Noel was definitely a hit machine maker and Liam knew how to sing those hits with unmatched attitude and nerve. He’s definitely one of my favourite singers of all time. When I first heard ‘Champagne Supernova’ I knew I was in front of something really special.”
“I first bumped into Blur in 1997 (when I was 10) after a friend of mine from school showed me their untitled album of that same year. It was so powerful. At that age I was principally attracted to them by the worldwide hit ‘Song 2′ which for me is the perfect example of a brit grunge song. After that, and with time, I’ve kept on going to that album, which in my opinion is a rock masterpiece in terms of originality and production as well as song writing. You can see the acting capabilities of Damon Albarn who changes his tone and personality depending on the song, in a way that I have only seen done by the Beatles. They take you from one world to another. I love the fact that from all their albums you can always expect great tunes that will remain to be ‘Blur’, but that can play with different styles – for example, ‘indie-disco’ songs like ‘Girls and Boys’ to rock anthems like ‘Beetlebum’ or ‘Coffee and TV’, to very English cockney Madness style songs such as ‘Parklife’ and deep psychedelic depressant ones like ‘Strange News From Another Star’.”
5. The Verve
“The Verve’s ‘Bittersweet Symphony’, which I later discovered to partly be a sample from the version by Andrew Loog Oldham’s Orchestra from The Rolling Stones’ ‘The last time’, I must say is one of those times where the new version is way better than the original. It’s the only time where I’ve seen a pretty mediocre song turn into an anthem – it’s a bit sad that they don’t keep any of the rights to that one after the genius lyrics and adaptation they made.

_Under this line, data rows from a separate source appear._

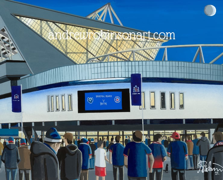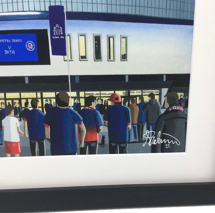 Titled ‘Its a Date at Ashton Gate’ this is a unique Bristol Bears print direct from myself the artist. My artworks are a celebration of the match day experience and of stadium architecture.
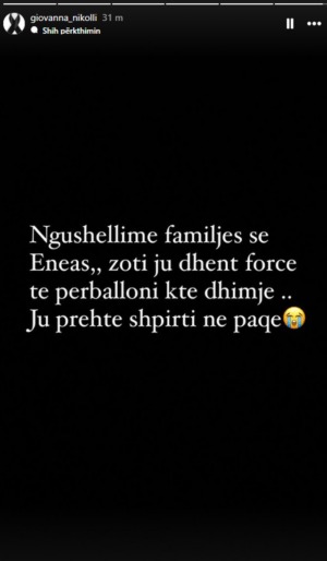 “Ngushëllime familjes së Eneas. Zoti ju dhëntë forcë të përballoni këtë dhimbje…Ju prehtë shpirti në paqe”, shkruan Xhovana Nikolli në Instastory.
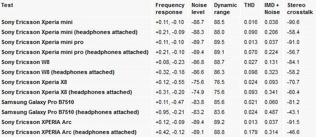 بر خلاف دیگر سونی اریکسون های آندرویدی ، Xperia Mini از صدای خروجی خوبی ، حتی در زمانی که به وسیله ی خارجی متصل می شود ف بهره می برد و زمانی که این گوشی را در ماشین و یا خانه به لوازم دیگر متصل می کنید کیفیت آن همچنان خوب باقی می ماند و در جدول زیر می توانید نتایج آزمایشات ما را مشاهده نمایید .
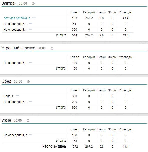 | Итого за день | 1632 | 1329 | 36 | 64 | 150 |
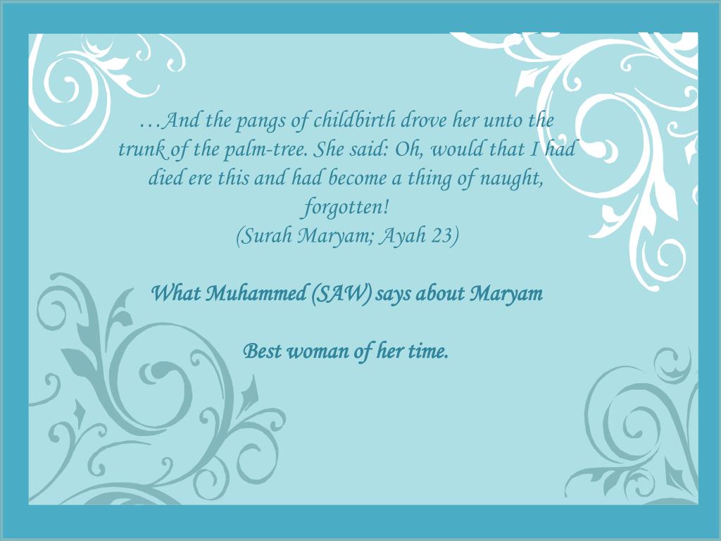…And the pangs of childbirth drove her unto the trunk of the palm-tree. She said: Oh, would that I had died ere this and had become a thing of naught, forgotten! (Surah Maryam; Ayah 23) What Muhammed (SAW) says about Maryam Best woman of her time.
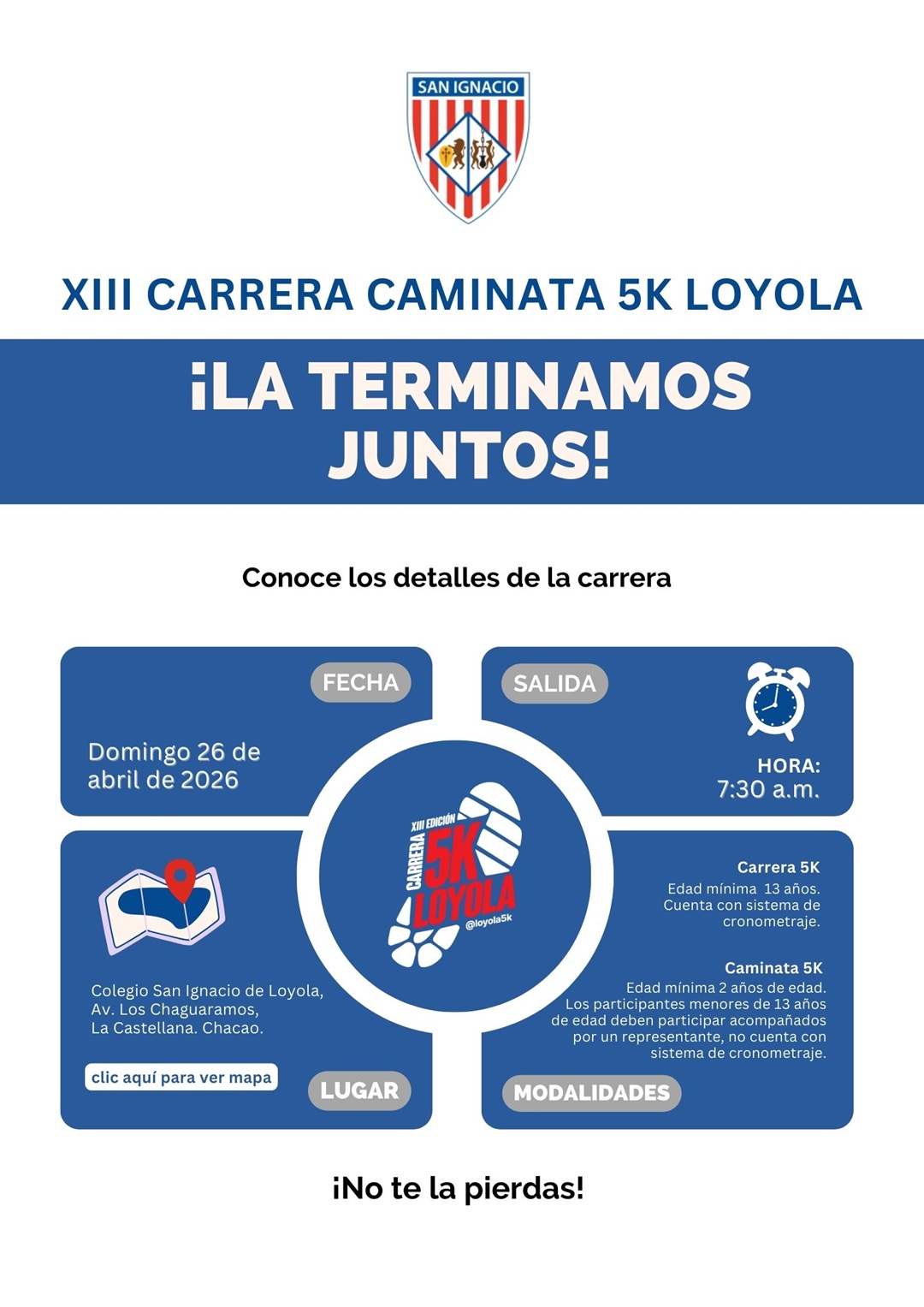 1. Hipereventos, C.A. organiza el 26 de abril de 2026 la XIII Carrera Caminata 5K Loyola, con salida a las 7:30 a.m.

That song was what made me discover the amazing album that is ‘Urban Hymns’, along with other great Brit pop tunes as the deep, mellow ‘The Drugs Don’t Work’ or ‘Lucky Man’ and ‘Sonnet’.”
“What I like more about the band from Wigan is their airy kind of psychedelic sound, mixed with a very characteristic acoustic strumming and Ashcroft’s sharp, nasal voice, which makes them and their best album in my opinion a very pleasant listen and at the same time, very intense piece of art.”